Objective: To assess the benefit of a light balm containing vitamin E, tocopherol and glycerine and enriched with Aqua posae filiformis and microresyl (Emollient+) in subjects with mild AD over a period of 168 days.
Materials and Methods: For this open-label study, subjects above 3 years of age with mild and stable AD for at least 6 months before inclusion and with a SCORAD score of < 25 were eligible. Assessments took place at baseline, D14, D28, D84 and D168, and included SCORAD, flare frequency, severity of clinical signs and symptoms, skin hydration status using a Corneometer and local tolerance. QoL was assessed using the DLQI or CDLQI questionnaire. Subjects used Emollient+ at least once daily.
Results: Overall, 56 subjects were included in this study. The mean age was 25.0± 20.0 years (45% children); 69.6% were females. Except for erythema in the paediatric population, all clinical parameters had significantly (all p < 0.05) improved at D28. At D168, SCORAD, signs and symptoms had significantly (all p < 0.05) improved in the global, adult and paediatric population at D168 compared to baseline.

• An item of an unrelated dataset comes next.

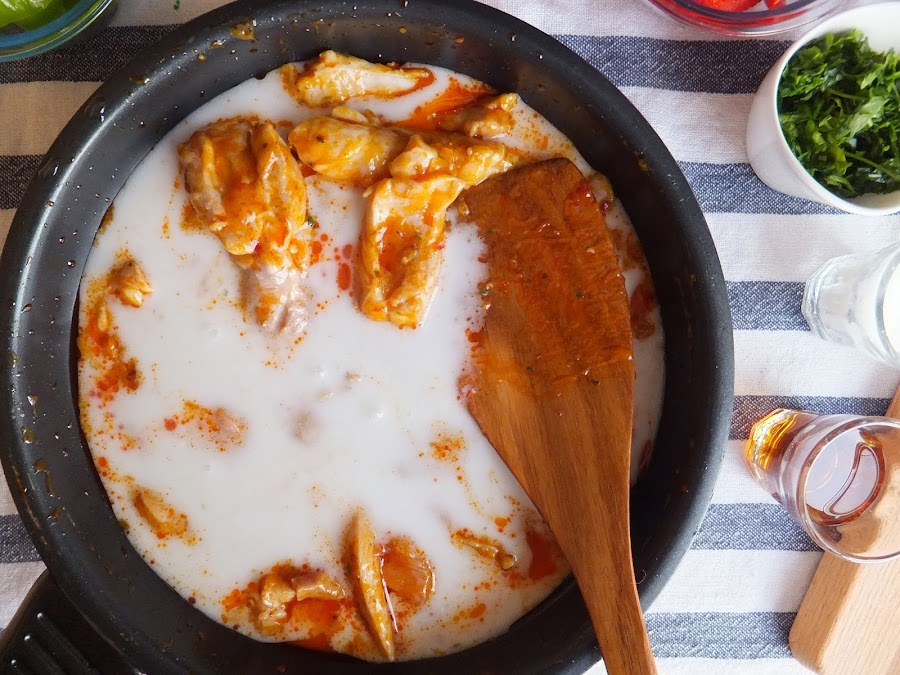 3. Añade el pollo remueve y cuando este a medio hacer añade la leche de coco. Cocina 3-4 minutos.

So did flares, skin hydration and QoL. The regimen was very well tolerated.
Conclusion: Emollient+ is highly beneficial and well tolerated in mild AD with early benefits in improving AD signs and symptoms and skin hydration as well as the QoL of subjects as soon as D28.
Clinicaltrials.gov identifier: NCT05783453.

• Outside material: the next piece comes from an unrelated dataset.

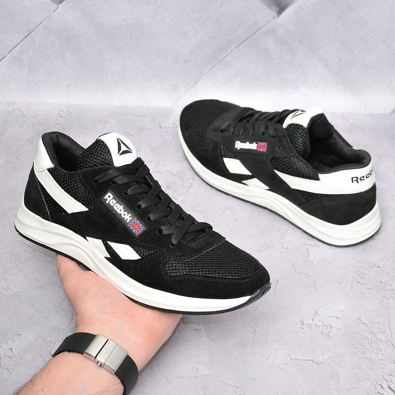 Кроссовки Reebok Retro Black Отличная модель на всё лето, Очень удобные и комфортные. ✔️ верх - комбинация высококачественная сетки и натуральной кожи прослужит не один сезон. 👟 легчайшая подошва полиуретан. 👉🏻 ортопедические, комфортные стельки 💎 размеры 40, 41, 42, 43, 44, 45 40 р - 26 см 41 р - 27 см 42 р - 27.5 см 43 р - 28 см 44 р - 29 см 45 р - 30 см

Keywords: atopic dermatitis, emollients, long term use
Introduction
Atopic dermatitis (AD) is a complex, chronic relapsing skin disease characterized by underlying skin barrier porosity, microbiome disbalance, changes in pH, transepidermal water loss and type-2 inflammation.1–5 Staphylococci colonization or infection has been associated with this pathology and the proportion of Staphylococcus sequences, especially that of S. aureus, was shown to be more important during disease flares than at baseline or post treatment.5–7
The clinical diagnosis of AD is based on the clinical assessment of signs, including erythema, oedema, oozing, lichenification and xerosis or dry skin, that can be localized or affect a widespread body surface area. Mild to moderate AD is symptomatic and intense pruritus, desquamation, and sleep loss are frequently reported symptoms.8,9
Currently, the use of emollients, including active ingredients maintaining a healthy skin microbiome, is recommended in the daily management of AD of any severity.2,10–13 Published and yet unpublished data show that they allow the skin barrier function to improve and reduce skin sensitivity to irritants, improve pruritus and the vicious itch/scratch cycle, decrease flares of inflammatory lesions and spare the need to use TCS.14–17 For these reasons, emollients are part of therapeutic management and present a non-medicated means to increase time between relapses.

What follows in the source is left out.